To do:
From the entries below, gather every line containing the string "appreciate".

[Entries taken from a collection]
= = = = = = =

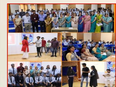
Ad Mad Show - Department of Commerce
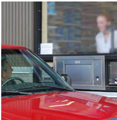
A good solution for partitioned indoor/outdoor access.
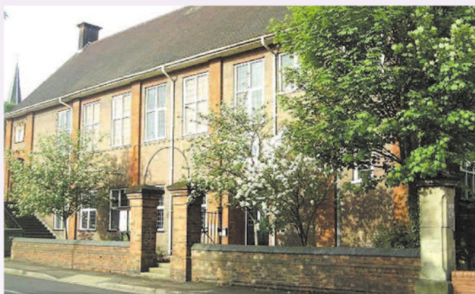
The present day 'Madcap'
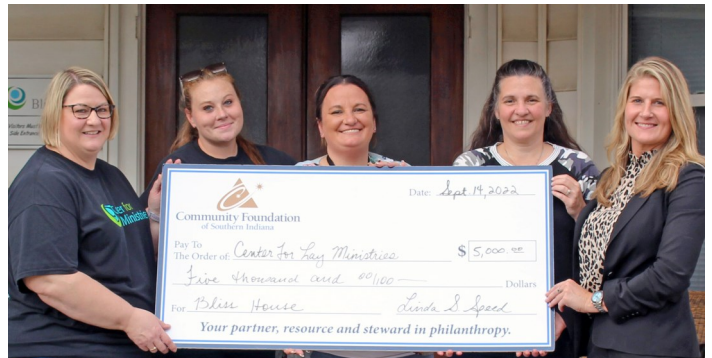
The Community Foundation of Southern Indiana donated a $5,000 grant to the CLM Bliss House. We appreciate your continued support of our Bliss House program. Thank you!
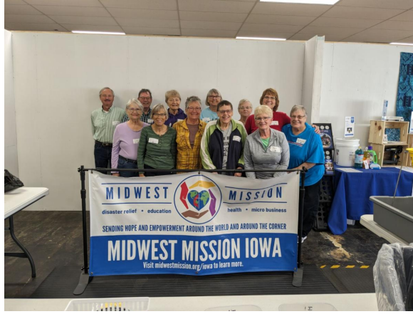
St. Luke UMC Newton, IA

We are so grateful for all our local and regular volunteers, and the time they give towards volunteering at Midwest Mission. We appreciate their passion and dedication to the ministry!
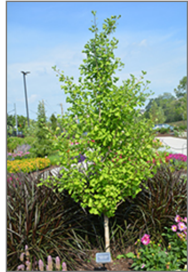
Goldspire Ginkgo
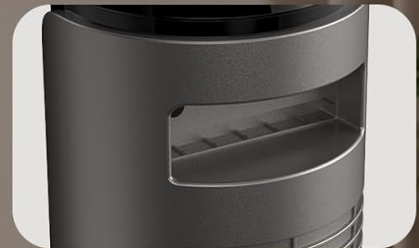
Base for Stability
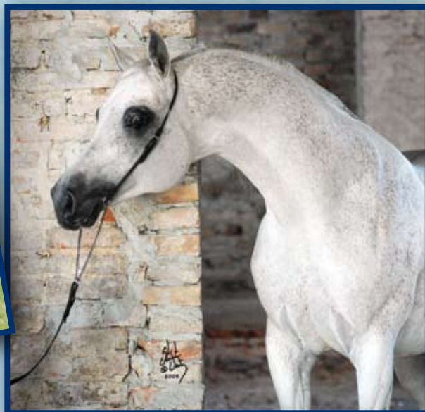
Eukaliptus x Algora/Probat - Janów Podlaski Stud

= = = = = = =

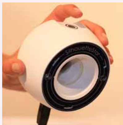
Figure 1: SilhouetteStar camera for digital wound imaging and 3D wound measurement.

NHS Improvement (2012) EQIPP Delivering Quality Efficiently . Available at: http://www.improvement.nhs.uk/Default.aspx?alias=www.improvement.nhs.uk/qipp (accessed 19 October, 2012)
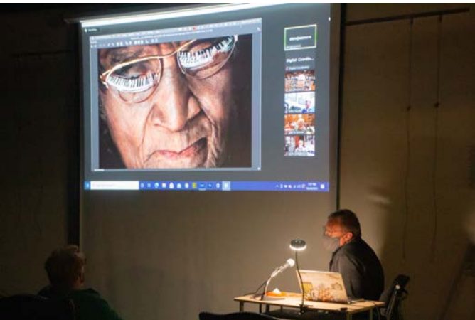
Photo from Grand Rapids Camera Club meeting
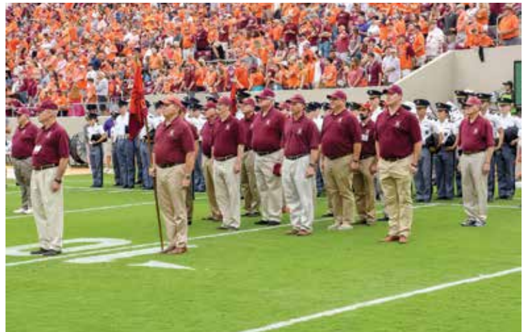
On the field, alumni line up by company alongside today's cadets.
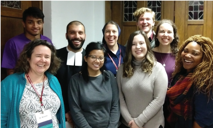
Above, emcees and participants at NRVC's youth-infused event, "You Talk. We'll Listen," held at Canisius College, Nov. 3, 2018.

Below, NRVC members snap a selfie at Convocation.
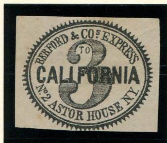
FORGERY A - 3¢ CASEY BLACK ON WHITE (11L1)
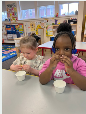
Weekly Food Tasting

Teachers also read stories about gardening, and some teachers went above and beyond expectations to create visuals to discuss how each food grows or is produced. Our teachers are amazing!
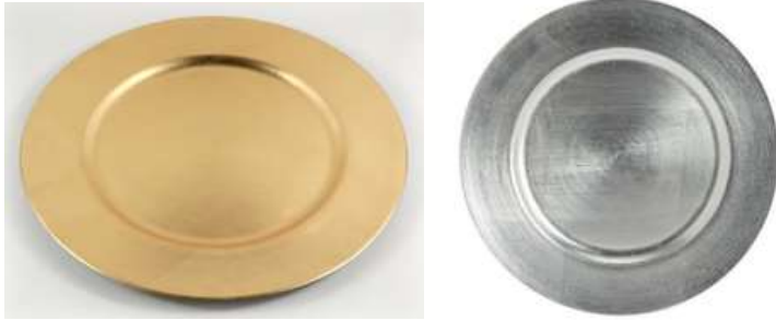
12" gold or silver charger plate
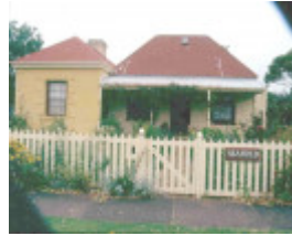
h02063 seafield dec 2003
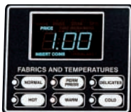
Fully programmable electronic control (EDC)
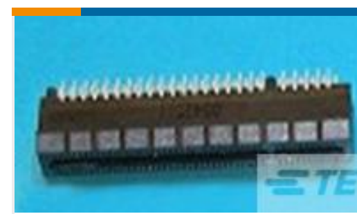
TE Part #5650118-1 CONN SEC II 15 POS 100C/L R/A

= = = = = = =

Solved exercise:
The Community Foundation of Southern Indiana donated a $5,000 grant to the CLM Bliss House. We appreciate your continued support of our Bliss House program. Thank you!
We are so grateful for all our local and regular volunteers, and the time they give towards volunteering at Midwest Mission. We appreciate their passion and dedication to the ministry!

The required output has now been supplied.